AVAILABLE DATA:
☆ ☆ ☆
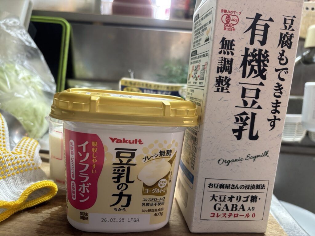 明日お客さんなので、朝食用にいつもなら豆乳プリンなんですがこの豆乳ヨーグルトがなかなか美味しくて、
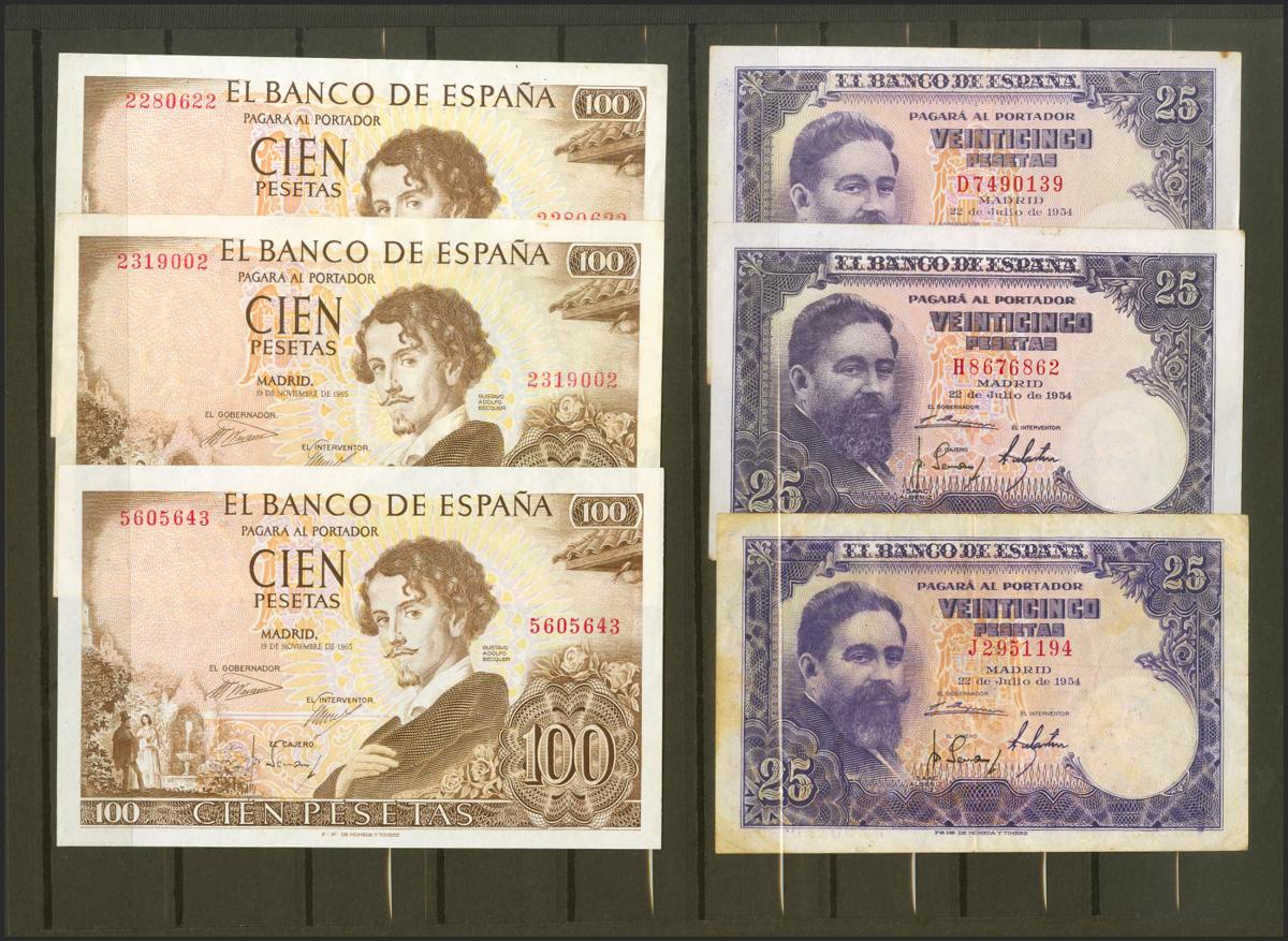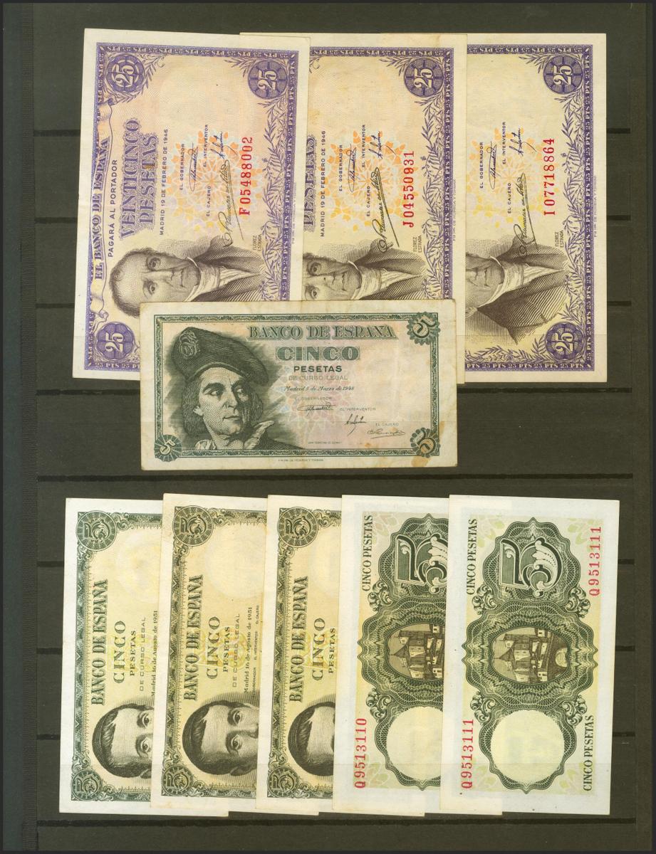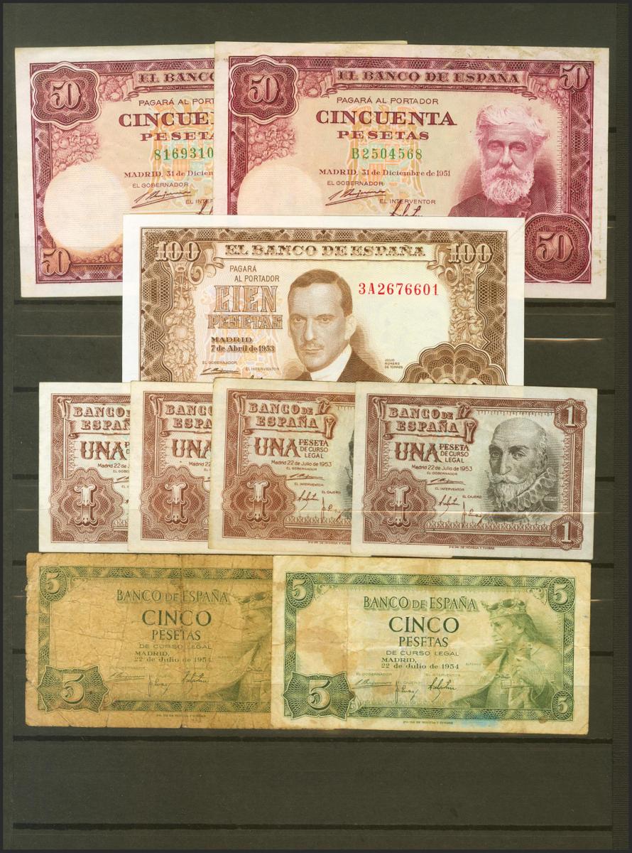 Conjunto de 49 billetes del Banco de España emitidos entre 1906 y 1965, en diversas calidades. SC/BC. A EXAMINAR.
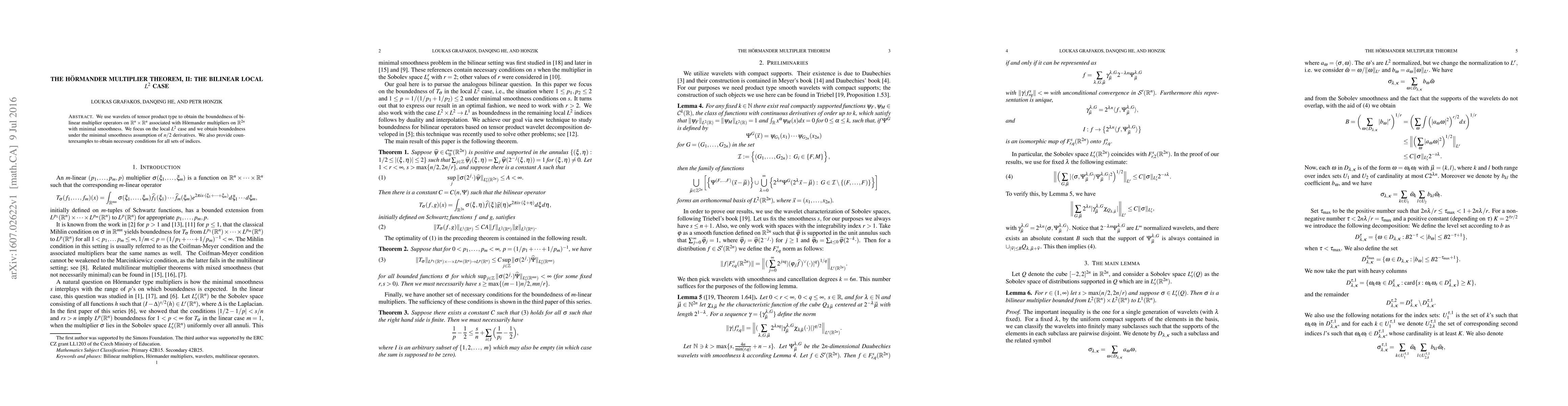 This paper establishes the boundedness of bilinear multiplier operators on $\mathbb R^n\times \mathbb R^n$ using tensor product wavelets, focusing on the local $L^2$ case with minimal smoothness of $n/2$ derivatives. It also presents counterexamples to highlight necessary conditions for these operators.
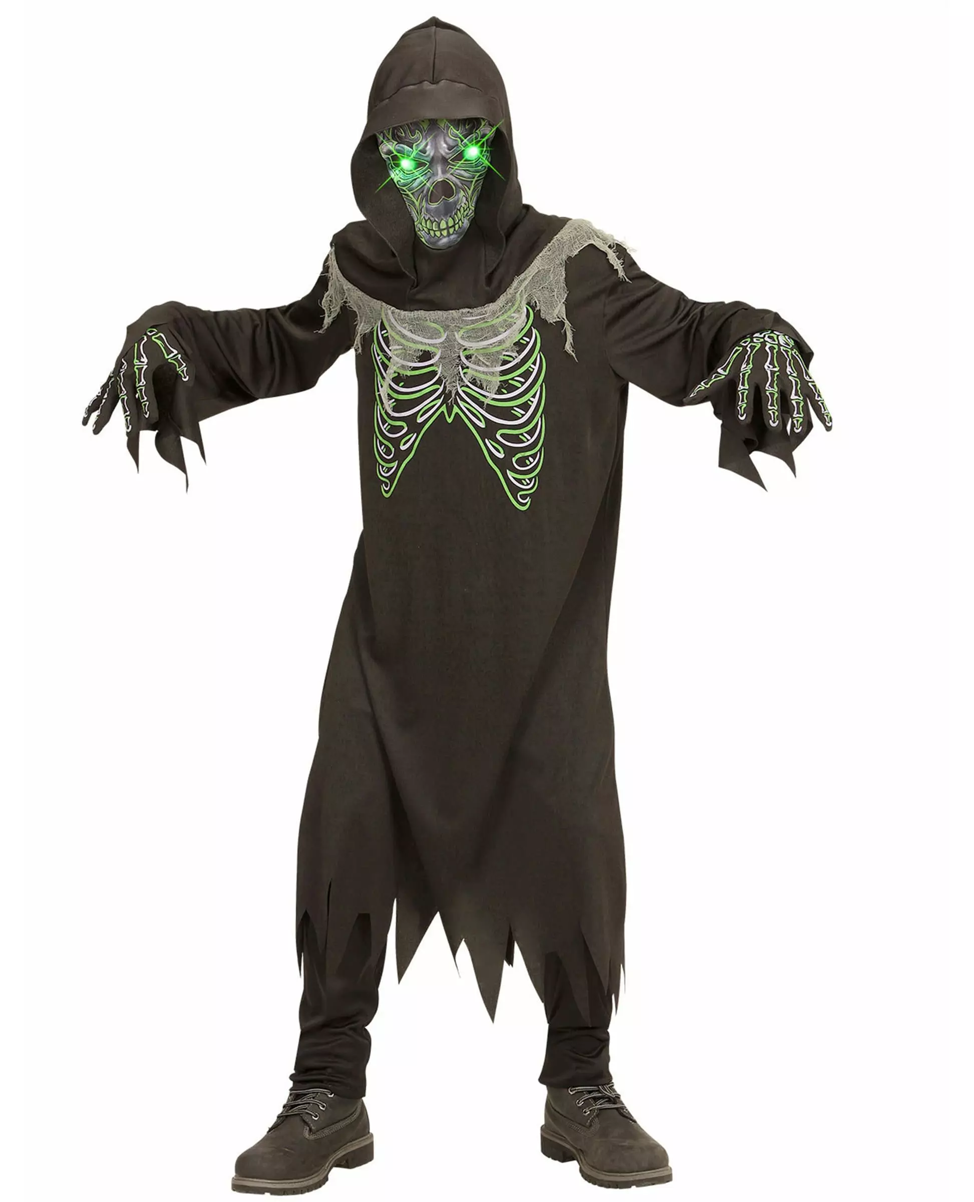 Embody the black and green grim reaper for one night! This black and green grim reaper costume is for children, it consists of a tunic, gloves and a mask with light-up eyes. The tunic is black with long flared sleeves, it is cut into points at the ends. A white and green ribcage is printed on the front of the tunic. A gray veil in points is present on the top of the tunic. The gloves are black with white and green skeleton hand prints on them. The mask is black with green skeleton features, this mask represents horror even more with the green luminous eyes. This black and green grim reaper costume will be perfect on Halloween night. Accessories included: Tunic 2 gloves Mask with luminous eyes Material: 100% polyester Care: Hand wash
☆ ☆ ☆
REQUIRED ACTION:
Each line of the data above is to be output exactly; the pictures are not to appear.

ANSWER:
 明日お客さんなので、朝食用にいつもなら豆乳プリンなんですがこの豆乳ヨーグルトがなかなか美味しくて、
 Conjunto de 49 billetes del Banco de España emitidos entre 1906 y 1965, en diversas calidades. SC/BC. A EXAMINAR.
 This paper establishes the boundedness of bilinear multiplier operators on $\mathbb R^n\times \mathbb R^n$ using tensor product wavelets, focusing on the local $L^2$ case with minimal smoothness of $n/2$ derivatives. It also presents counterexamples to highlight necessary conditions for these operators.
 Embody the black and green grim reaper for one night! This black and green grim reaper costume is for children, it consists of a tunic, gloves and a mask with light-up eyes. The tunic is black with long flared sleeves, it is cut into points at the ends. A white and green ribcage is printed on the front of the tunic. A gray veil in points is present on the top of the tunic. The gloves are black with white and green skeleton hand prints on them. The mask is black with green skeleton features, this mask represents horror even more with the green luminous eyes. This black and green grim reaper costume will be perfect on Halloween night. Accessories included: Tunic 2 gloves Mask with luminous eyes Material: 100% polyester Care: Hand wash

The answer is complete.